● **Saved entries**:
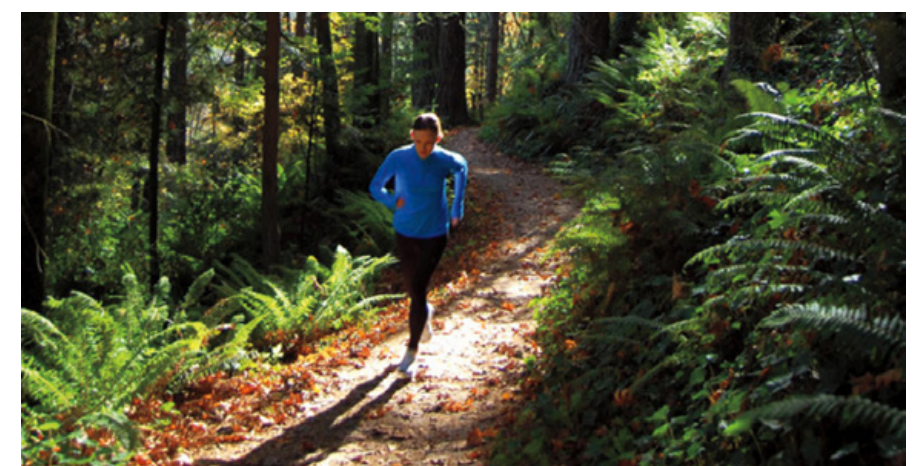
Urban Forest with Managed Invasives and Trails
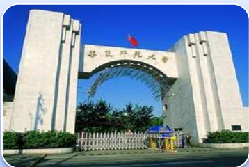
East China Normal University (China)
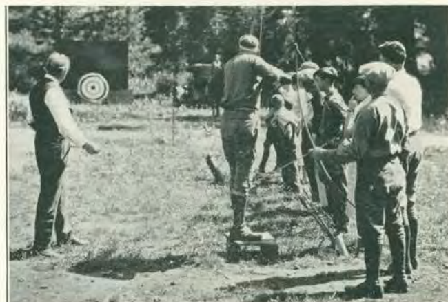
The bulls eye is the target for many hours of sport. Children and adults alike spend hours at the archery range.
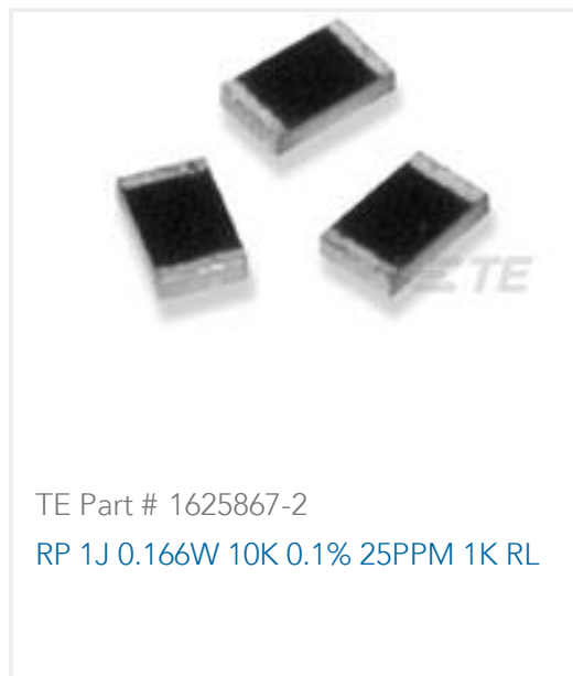
TE Part # 1625867-2 RP 1J 0.166W 10K 0.1% 25PPM 1K RL
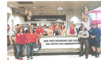
Unwavering support for staff, businesses, schools and first responders
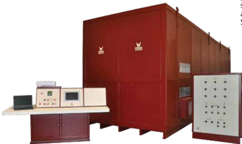
MTS R2 Series Model MTS5000R2-1000

The following information will assist you in choosing the power supplies, features, and options for a motor test system that meets your specific needs. For additional assistance, please consult one of Phenix Technologies Sales Representatives.
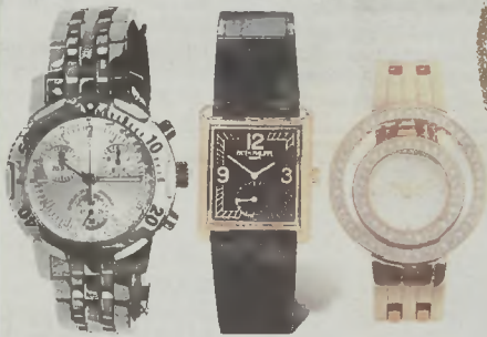
Patek Philippe, Rolex, Vacheron Constantin, Piaget, Cartier, Omega and much more!

We buy watches, even if they are no longer ticking.
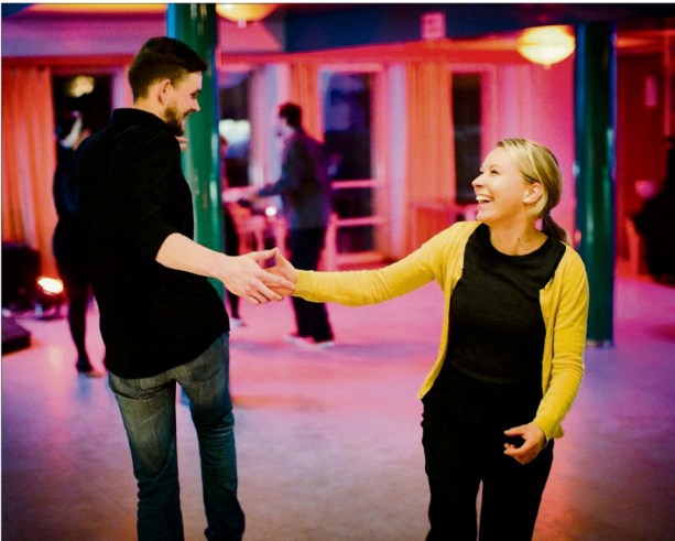
Lindy hop is a fun and energetic partner dance with its roots in the 1930s Harlem, New York. The Swing Night takes place on April the 21st in Vaasa.

One will have the opportunity to try out your new moves on the dance floor as the taster turns into a swing night featuring a potluck party, groovy music, social dancing and friendly faces.
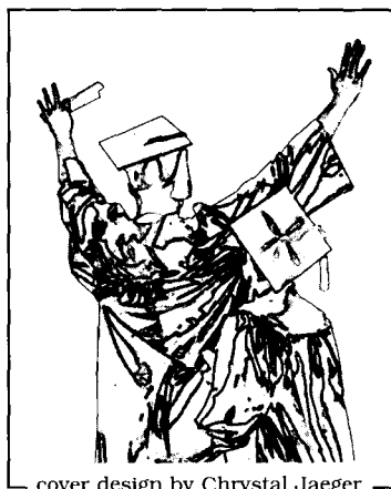
cover design by Chrystal Jaeger
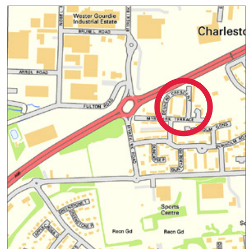
Contains Ordnance Survey data © Crown copyright and database 2017
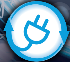
Advanced Technology For Dispatch With Solar & Storage
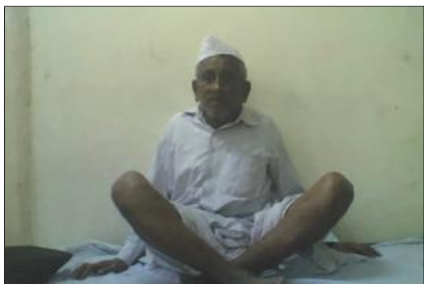
1H: Hip external rotation
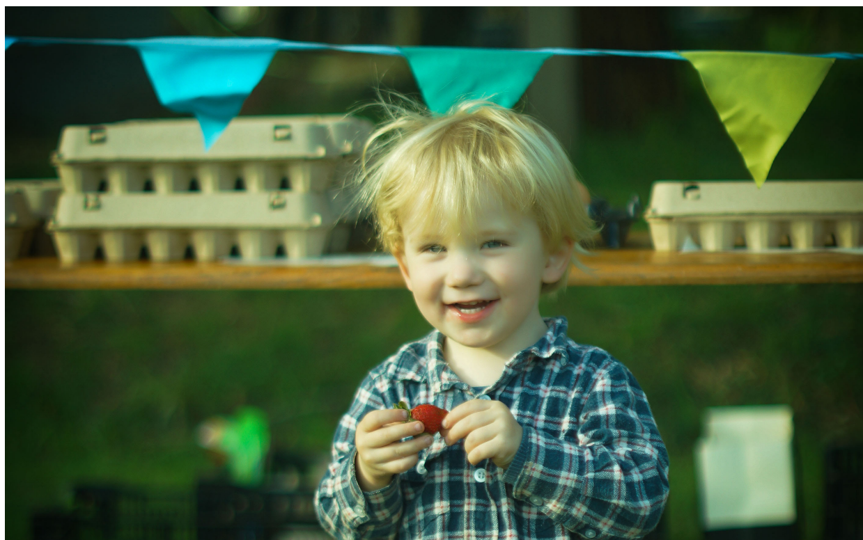
Front Cover Photo: West African Immersion Above Photo: The Valley Market ECOSS
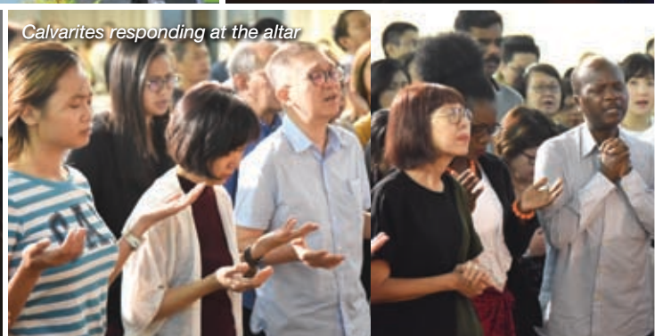
Calvarites responding at the altar

● **Action item**:
Leaving the images out, return every record exactly.

● **Reply**:
Urban Forest with Managed Invasives and Trails
East China Normal University (China)
The bulls eye is the target for many hours of sport. Children and adults alike spend hours at the archery range.
TE Part # 1625867-2 RP 1J 0.166W 10K 0.1% 25PPM 1K RL
Unwavering support for staff, businesses, schools and first responders
MTS R2 Series Model MTS5000R2-1000

The following information will assist you in choosing the power supplies, features, and options for a motor test system that meets your specific needs. For additional assistance, please consult one of Phenix Technologies Sales Representatives.
Patek Philippe, Rolex, Vacheron Constantin, Piaget, Cartier, Omega and much more!

We buy watches, even if they are no longer ticking.
Lindy hop is a fun and energetic partner dance with its roots in the 1930s Harlem, New York. The Swing Night takes place on April the 21st in Vaasa.

One will have the opportunity to try out your new moves on the dance floor as the taster turns into a swing night featuring a potluck party, groovy music, social dancing and friendly faces.
cover design by Chrystal Jaeger
Contains Ordnance Survey data © Crown copyright and database 2017
Advanced Technology For Dispatch With Solar & Storage
1H: Hip external rotation
Front Cover Photo: West African Immersion Above Photo: The Valley Market ECOSS
Calvarites responding at the altar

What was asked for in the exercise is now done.